My guess is that a page of tweet ids is retrieved for the search, then hydrated to handle deletions/protected accounts/get current data. It’s especially notable when you have a topic that only one user is tweeting about, then that account is deleted or goes protected.

This sounds right to me, but of course we don’t really know what’s happening inside Twitter’s infrastructure – only they do. Sam did point out that he observed this behavior with the Twiter v1.1 API search endpoint as well. I think it’s possibly more noticeable when using the full archive search because you are much more likely to run across stretches of deleted/protected tweets. Also, twarc didn’t log tweets per response like it does now with the v2 API.

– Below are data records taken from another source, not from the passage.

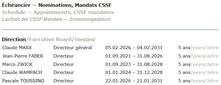 By grand-ducal decree of 23 January 2026, the mandate of Claude Marx as Director General of the CSSF was renewed for a period of five years starting 5 February 2026. This third mandate confirms the Government’s support and trust in his competences and actions.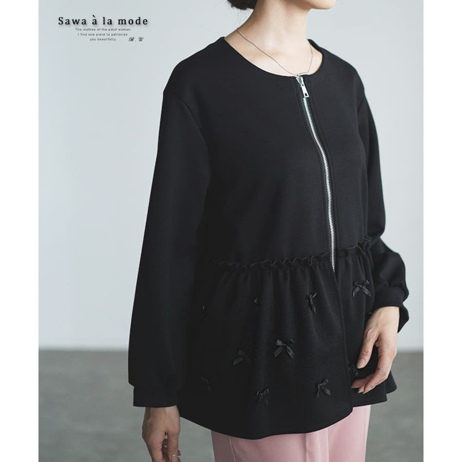 着丈はヒップがほぼ隠れるくらい、袖丈はちょうどでした。柔らかで滑らかな肌触りのカットソー生地で、ややハイウエスト位置からのペプラム切り替えでお腹からヒップ周りが気になりません。ペプラム部分は前後に小さなサテンリボンが散りばめられており、袖もぽわんとしていて可愛いです。首元は少し鎖骨がのぞくくらいのラウンドネックでフロントファスナー開きです。ペプラム部分は生地が二重になっています。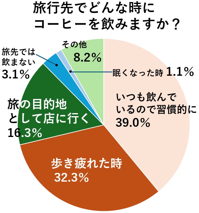 旅行中のどんな時にコーヒーを飲むのかを聞いたところ、一番多かったのが「いつも飲んでいるため習慣的に」(39%)でした。歩き疲れたから店舗で休憩がてらコーヒーを、という人は32.3%、旅の目的地として喫茶店やカフェを訪れるという人も16.3%いました。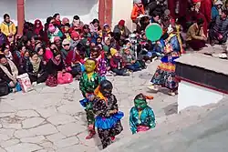 Os maiores festivais são os dos mosteiros budistas (gompas). A maior parte dos mosteiros budistas, senão todos, pelo menos os mais importantes, celebram todos os anos pelo menos um festival, que incluem várias cerimónias,[71][73] entre elas danças cham, realizadas por monges envergando roupas de seda muito coloridas e máscaras sagradas, geralmente de aspeto temível. Os monges executam peças de mímica e dança que representam aspetos religiosos, como o progresso da alma e a sua purificação ou o triunfo do bem sobre o mal.[74] Devido à sua popularidade entre os turistas, alguns dos festivais monásticos, que originalmente eram realizados noutras alturas do ano, foram movidos nos últimos anos para o verão, a época alta do turismo (há muito poucos turistas no resto do ano devido ao frio e às muitas estradas encerradas devido à neve).[73] Os festivais dos mosteiros atraem multidões de locais, tanto das proximidades como de longe, e também muitos turistas. O ambiente é efusivo e as pessoas aproveitam a oportunidade para rever os amigos e fazer novas amizades.[74]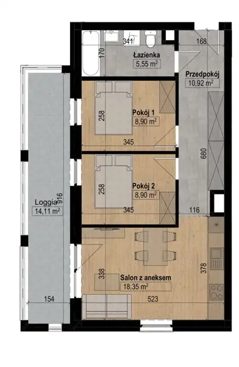 - Charakterystyka mieszkania 54.89 m2, 3 pokoje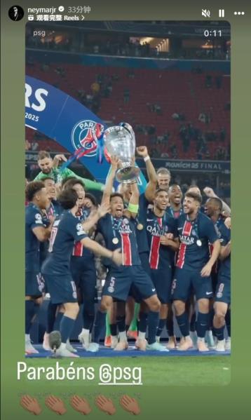 賽后,前巴黎球員內(nèi)馬爾也是在社交媒體對(duì)老東家表示了祝賀。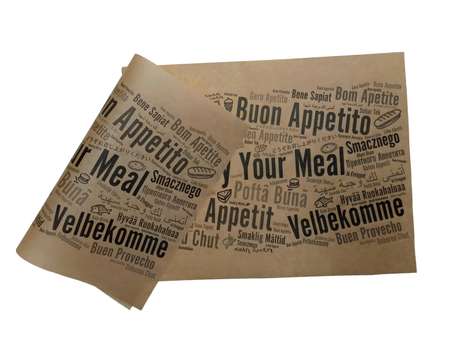 Farbe: braun mit neutralem Druck „Enjoy your meal/Guten Appetit“ mehrsprachig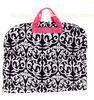 Folding Traveling Garment Bag 40'' Pink Trim Damask Silver Pewter Hardware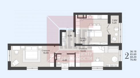 Квартира, 2-к, 65 кв.м., 2 эт.

If true I think this suggests that when you delete a tweet or an account on Twitter it doesn’t really get deleted. Instead it is flagged as deleted, and no longer distributed to the public. Almost like a disk block that has had its inode deleted – except Twitter know exactly where the data is. Jane Friedhoff suggested the same things some time ago using a different (but related) API signal. Perhaps an experiment could be set up to test if it’s true? Delete a few things from your timeline and then try to retrieve all your tweets and see if the little gaps appear?

I’m not expecting to get much insight into what’s really going on here, but I did ask over in the Twitter Community Forum, and will update this post if I learn anything. If it seems potentially useful to have a twarc plugin for analyzing the log files in this way please get in touch.

The situation is actually kind of tedious for researchers collecting data from Twitter because these empty responses count as responses–you can only issue 300 every 15 minutes. So these stretches of deletes can negatively effect how much data you can collect in the alloted time. Much ado about nothing.